### What is expected:
With the pictures left out, reproduce exactly the lines from the one containing "조합은 영상의 시작 중간 끝 부분에 모두 적용되는 효과입니다." through the final line of the entries.

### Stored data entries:
◇ ◇ ◇ ◇ ◇ ◇ ◇

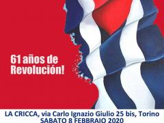 61 años de Revolución!Festa del TesseramentoAssociazione Nazionale di Amicizia Italia CubaCircolo di Torino---ORE 19:30 TesseramentoORE 20:00 Cena di autofinanziamento (carne cruda o alternativa per vegetariani,...
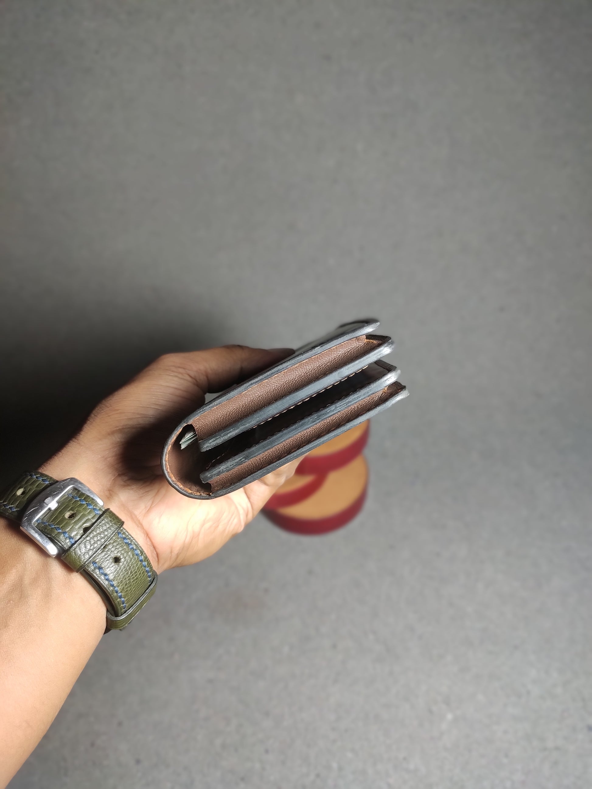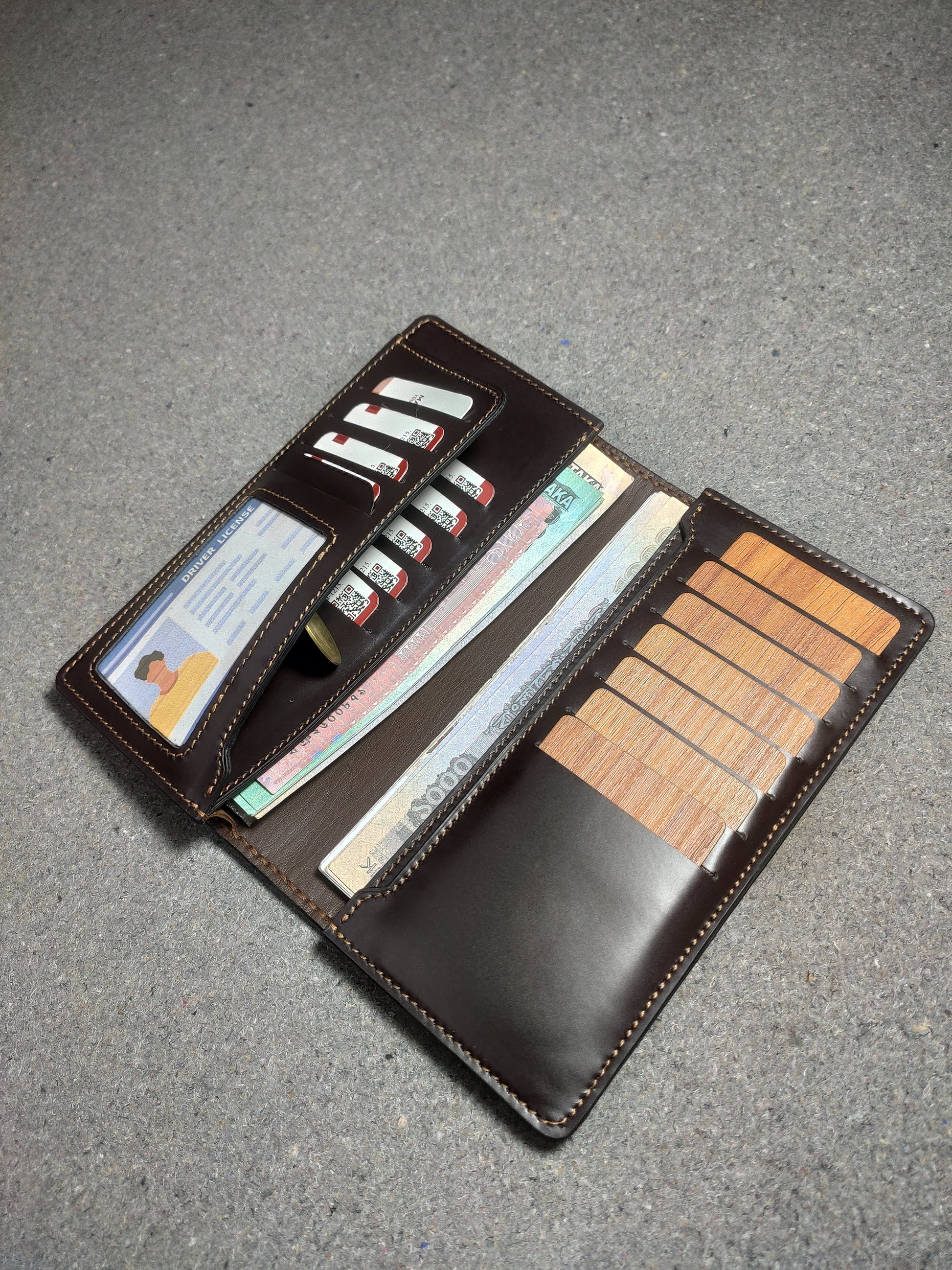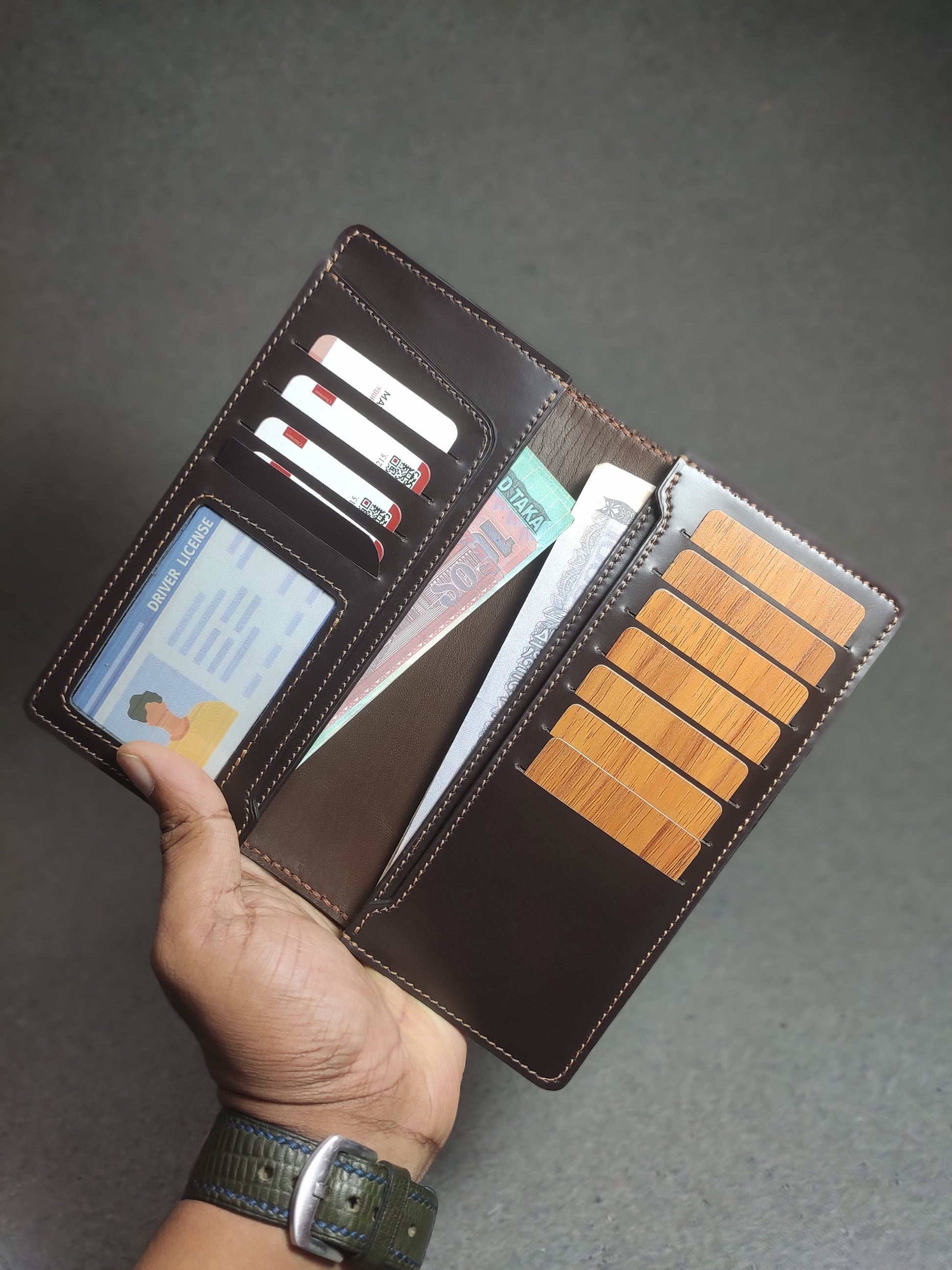 "Customize Your Wallet: Choose you preferred leather type, color, and thread options from our available stock"
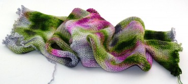 Natürlich kann man mit ihr auch tolle Tücher oder Schals stricken, aber auch wenn die Sockenwolle aus dem Atelier Zitron die weicheste ist, die ich je in der Hand hatte, es ist Sockenwolle und kann niemals so kuschelig, wie eine Merinowolle sein.
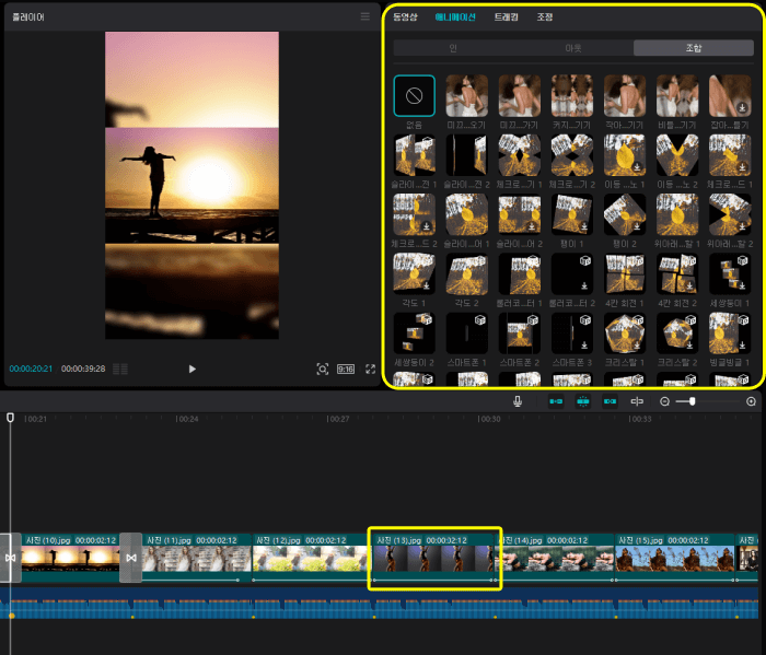 조합은 영상의 시작 중간 끝 부분에 모두 적용되는 효과입니다.
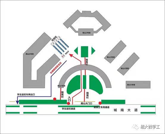 南山校区:统一从正大门东侧进校至篮球场(红色箭头方向行进),接送车辆、陪同人员在同学下车后立即驶离校园(蓝色箭头方向行进)。
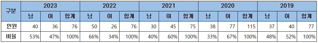 | 2023 | 지원자 | 179 | 90 | 18 | 287 |

◇ ◇ ◇ ◇ ◇ ◇ ◇

### Answer area:
 조합은 영상의 시작 중간 끝 부분에 모두 적용되는 효과입니다.
 南山校区:统一从正大门东侧进校至篮球场(红色箭头方向行进),接送车辆、陪同人员在同学下车后立即驶离校园(蓝色箭头方向行进)。
 | 2023 | 지원자 | 179 | 90 | 18 | 287 |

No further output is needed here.